§ **ACTIVITY**: A word-for-word copy of the data is what's wanted; pictures stay out of it.

[Opening DATA TO EXAMINE section]

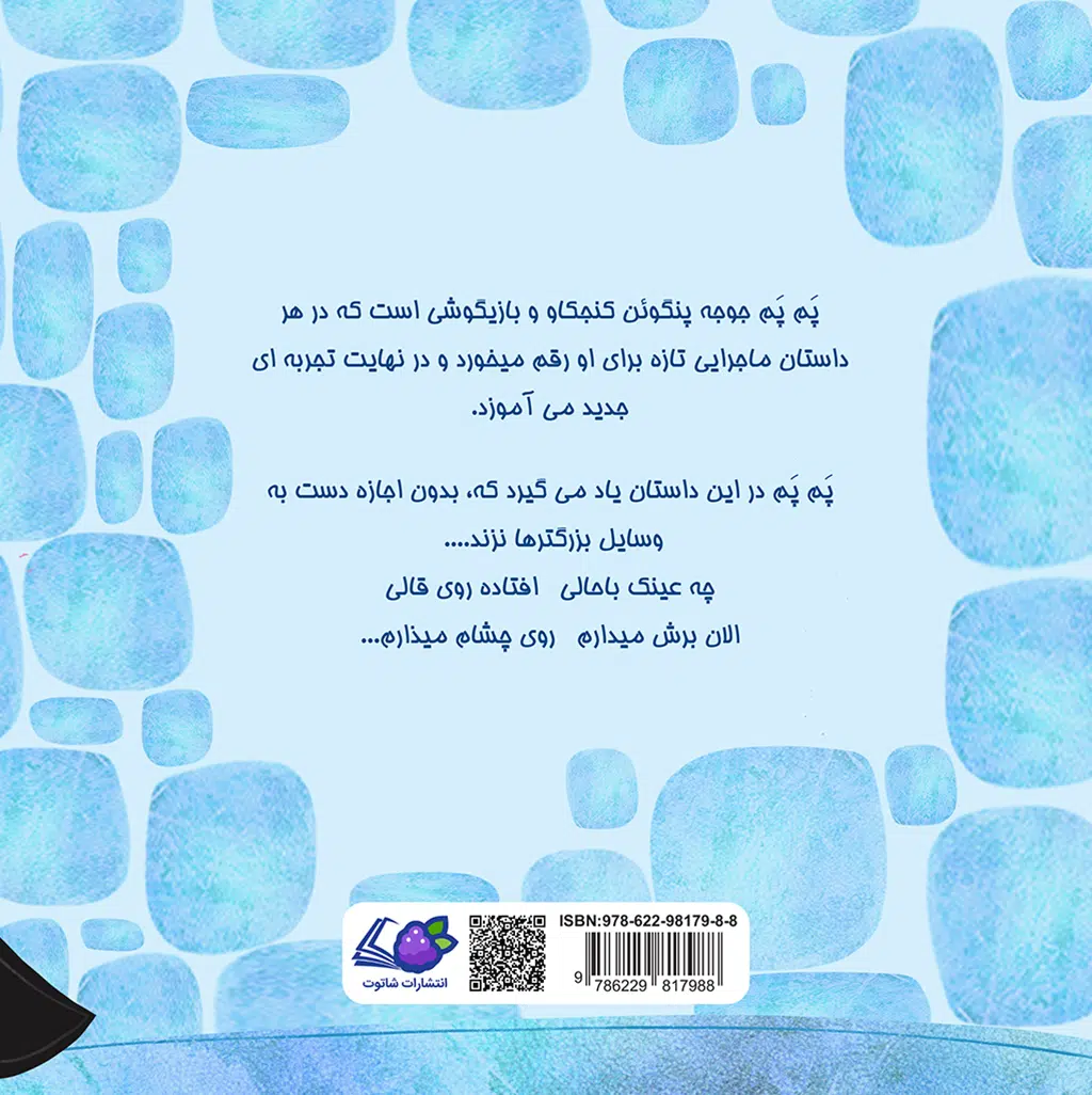 ماجراهای پم پم : پَم پَم جوجه پنگوئن کنجکاو و بازیگوشی است که در هر داستان ماجرایی تازه برای او رقم میخورد و در نهایت تجربه ای جدید می آموزد. پَم پَم در این داستان یاد می گیرد که، بدون اجازه دست به وسایل بزرگترها نزند…. چه عینک باحالی افتاده روی قالی الان برش میدارم ر وی چشام میذارم…
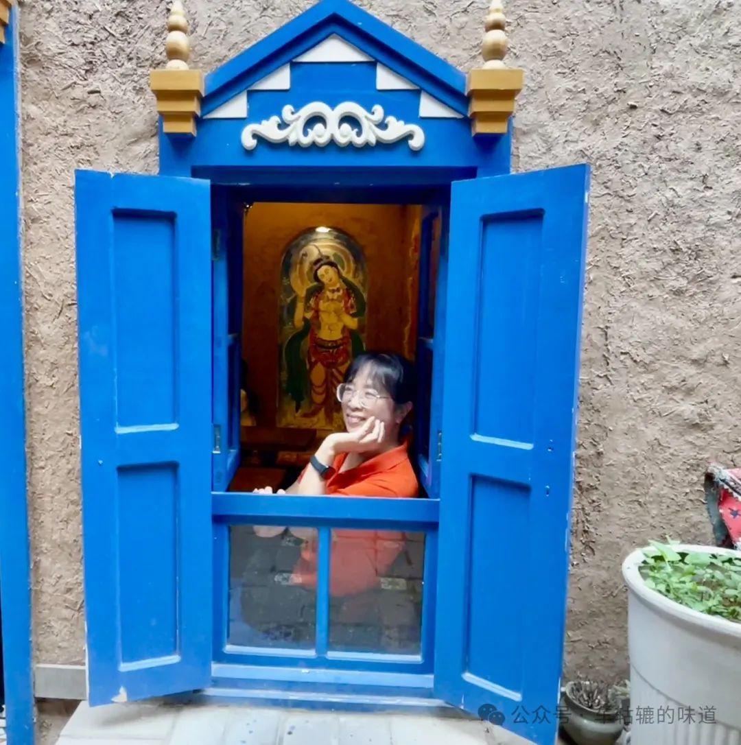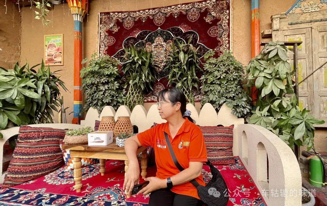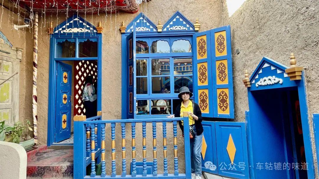 早上10點,我們先去庫車王府。王府在老城的幽深處,兩邊街道是花門一條街。五彩斑斕的門樓、裝飾華麗的藍色廊桂,構成了獨特的維吾爾族風情。
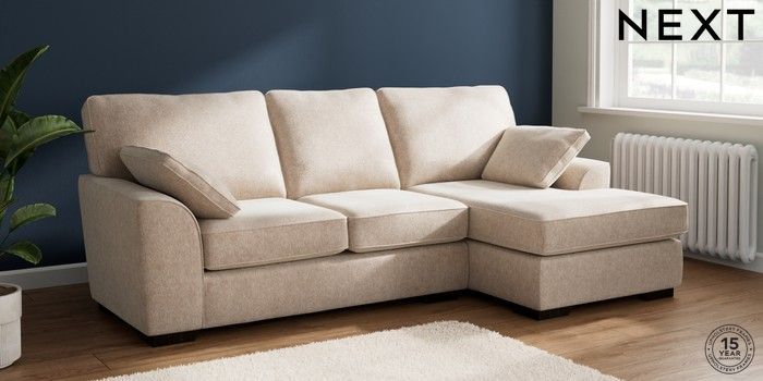 7.2.10 Stamford Medium Sofa Chaise - Right Hand Cotswold Chenille Light Natural Large Square Angle - Dark | Made Click here to use our website with more accessibility support, for example screen readers
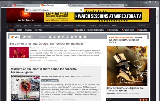 其實,這種設計 Google早在今年年初就曾透露過 ,這種簡約界面可以節省更多空間供用戶瀏覽內容,對於大螢幕用戶來說,你可以選擇切換回傳統模式。 暫時 Chrome 13 只支援Windows平台,Mac OS X用戶暫時無法使用。
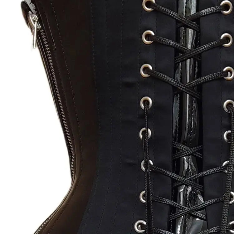 Fekete gótikus punk fűző fém csatokkal és szegecsekkel
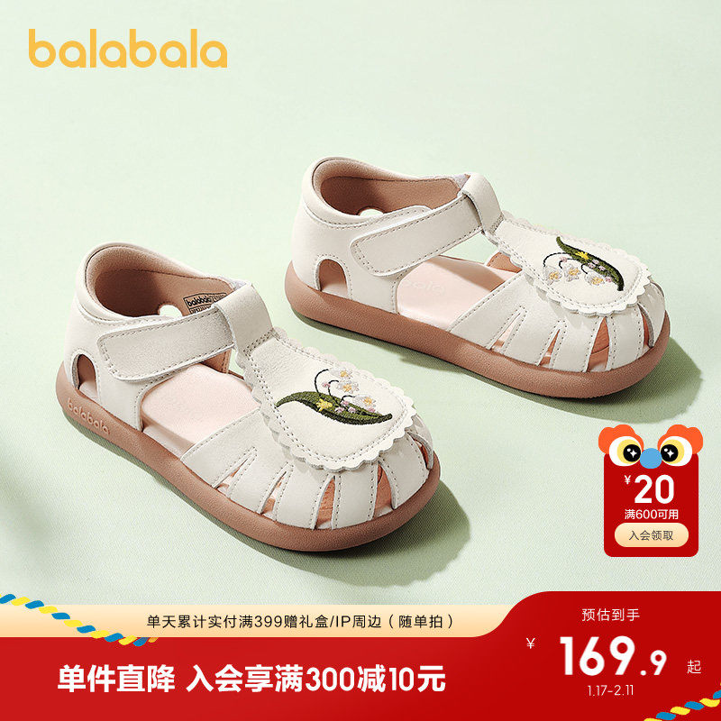 巴拉巴拉童鞋宝宝学步鞋儿童凉鞋女宝2025秋新款防滑包头鞋子国风
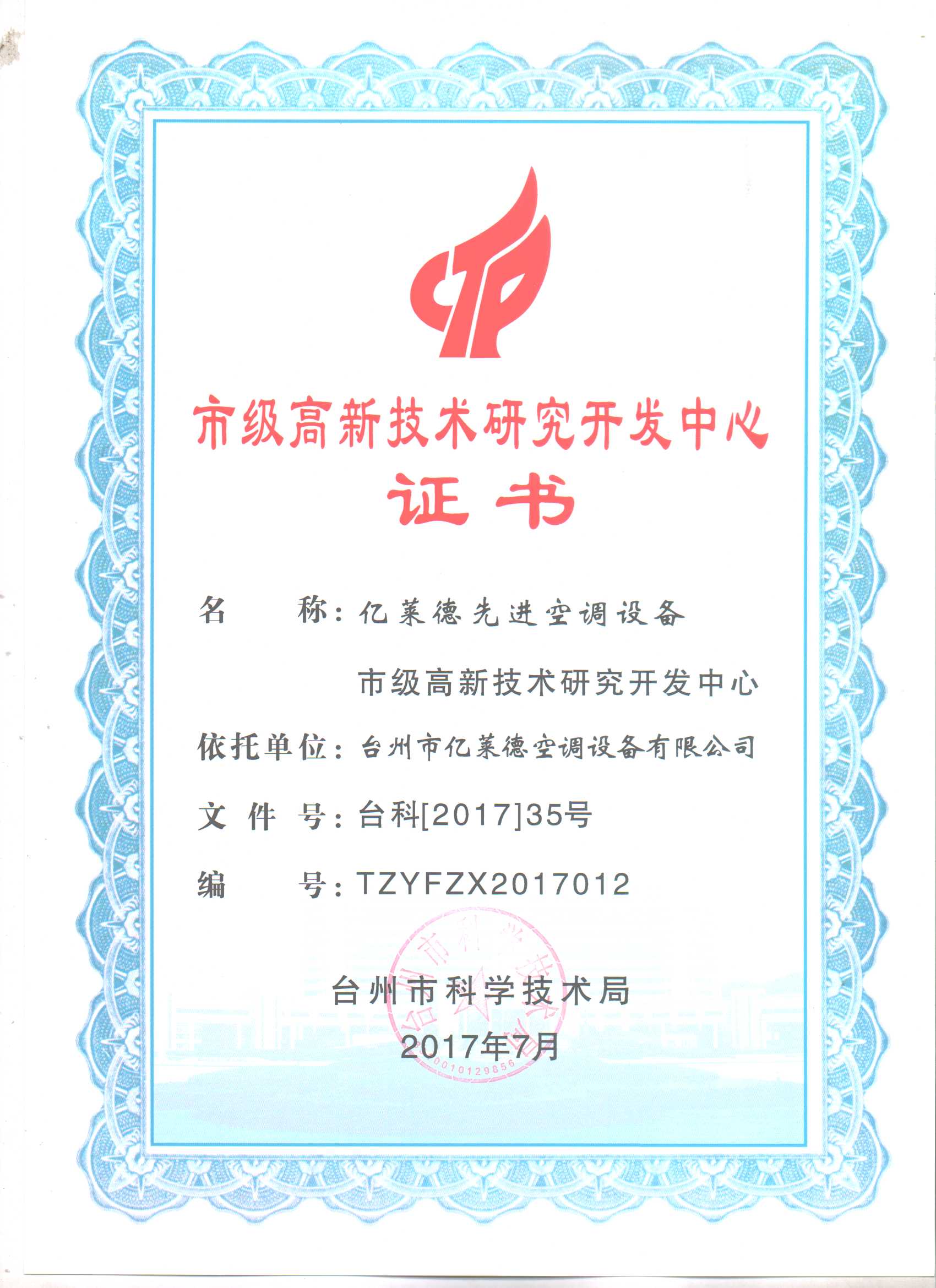 市級(jí)高新技術(shù)研究開發(fā)中心證書
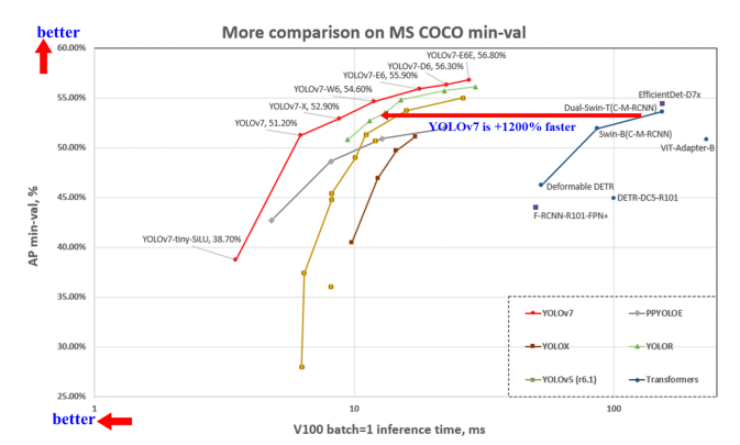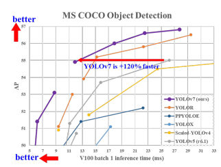The YOLOv7 authors sought to set the state of the art in object detection by creating a network architecture that would predict bounding boxes more accurately than its peers at similar inference speeds.

[Closing DATA TO EXAMINE section]

§ **THE ANSWER**:
 ماجراهای پم پم : پَم پَم جوجه پنگوئن کنجکاو و بازیگوشی است که در هر داستان ماجرایی تازه برای او رقم میخورد و در نهایت تجربه ای جدید می آموزد. پَم پَم در این داستان یاد می گیرد که، بدون اجازه دست به وسایل بزرگترها نزند…. چه عینک باحالی افتاده روی قالی الان برش میدارم ر وی چشام میذارم…
 早上10點,我們先去庫車王府。王府在老城的幽深處,兩邊街道是花門一條街。五彩斑斕的門樓、裝飾華麗的藍色廊桂,構成了獨特的維吾爾族風情。
 7.2.10 Stamford Medium Sofa Chaise - Right Hand Cotswold Chenille Light Natural Large Square Angle - Dark | Made Click here to use our website with more accessibility support, for example screen readers
 其實,這種設計 Google早在今年年初就曾透露過 ,這種簡約界面可以節省更多空間供用戶瀏覽內容,對於大螢幕用戶來說,你可以選擇切換回傳統模式。 暫時 Chrome 13 只支援Windows平台,Mac OS X用戶暫時無法使用。
 Fekete gótikus punk fűző fém csatokkal és szegecsekkel
 巴拉巴拉童鞋宝宝学步鞋儿童凉鞋女宝2025秋新款防滑包头鞋子国风
 市級(jí)高新技術(shù)研究開發(fā)中心證書
The YOLOv7 authors sought to set the state of the art in object detection by creating a network architecture that would predict bounding boxes more accurately than its peers at similar inference speeds.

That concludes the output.